Mapping with the ChaosBlade chaos engineering experimental model, shutdown can be used as the target, halt, poweroff, and reboot can be used as the action respectively, and the forced operation force and time parameter setting are supported. Note that in order to be more suitable for users, the time parameter needs to be modified. If this parameter is not filled in, it means that it will be executed immediately, and the default value will be changed to now. Then use chaosblade to execute as follows:

# The system shuts down after 1 minute, if no time is added, the default is to execute immediately
blade create shutdown halt --time 1

# The system powers off immediately
blade create shutdown poweroff --force

# The system is forced to restart after 2 minutes
blade create shutdown reboot --time 2

#Cancel the shutdown command
blade destroy UID

Scenario Code Implementation

Case Reference

The extended failure scenario is similar to the process failure scenario, such as killing a process and stopping a process, which can be realized by referring to the process scenario.

image

It can be seen from the existing process scene code that in the exec directory, create a process directory to define the target is the process failure scene model definition ProcessCommandModelSpec, in this model respectively define the kill process kill scene and stop process stop scene experimental action model NewXXXProcessActionCommandSpec, Each scenario is defined in process_kill.go and process_stop.go respectively. Taking KillProcessActionCommandSpec as an example, the following content needs to be defined mainly according to BaseExpActionCommandSpec:

// Fault Scenario Matching Conditions
ActionMatchers []ExpFlagSpec
// Fault related parameters
ActionFlags []ExpFlagSpec
// Failure Scenario Executor
ActionExecutor Executor
// Long description of the failure scenario
ActionLongDesc string
// Failure Scenario Use Cases
ActionExample string
// The executor used by the failure scenario execution
ActionPrograms []string
// Failure scene directory
ActionCategories []string
// Whether the daemon runs persistently in the fault scenario
ActionProcessHang bool

The following will introduce in detail from the creation of the Shutdown fault experiment command, to the realization of the restart experiment scenario, to the realization of the shutdown experiment scenario, to the extraction of the same implementation, and to the expansion of the power outage experiment scenario.

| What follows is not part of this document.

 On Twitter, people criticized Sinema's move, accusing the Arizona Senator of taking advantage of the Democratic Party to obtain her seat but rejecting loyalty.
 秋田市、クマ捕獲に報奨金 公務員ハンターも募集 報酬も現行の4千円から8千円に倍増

Create a shutdown fault command

Create a shutdown directory in the exec directory to store scene-related codes, and create a shutdown.go file to define the experimental scene model.

package shutdown

import (
"github.com/chaosblade-io/chaosblade-spec-go/spec"
)

type ShutdownCommandModelSpec struct {
spec.BaseExpModelCommandSpec
}

func NewShutdownCommandModelSpec() spec.ExpModelCommandSpec {
return &ShutdownCommandModelSpec{
spec.BaseExpModelCommandSpec{
ExpActions: []spec.ExpActionCommandSpec{
// 重启、关机、断电实现
},
ExpFlags: []spec.ExpFlagSpec{
// 通用参数
},
},
}
}

func (s ShutdownCommandModelSpec) Name() string {
return "shutdown"
}

func (s ShutdownCommandModelSpec) ShortDesc() string {
return "Support shutdown, halt or reboot experiment."
}

func (s ShutdownCommandModelSpec) LongDesc() string {
return "Support shutdown, halt or reboot experiment. Can control shutdown or restart behavior with different flags. Warning! the experiment cannot be recovered by this tool."
}

Next, you need to create reboot, shutdown, and power-off related scenarios in ExpActions, and then take the restart scenario as an example

Implement the reboot scenario

Create shutdown_reboot.go file, follow spec.ExpActionCommandSpec definition RebootActionCommandSpec implementation.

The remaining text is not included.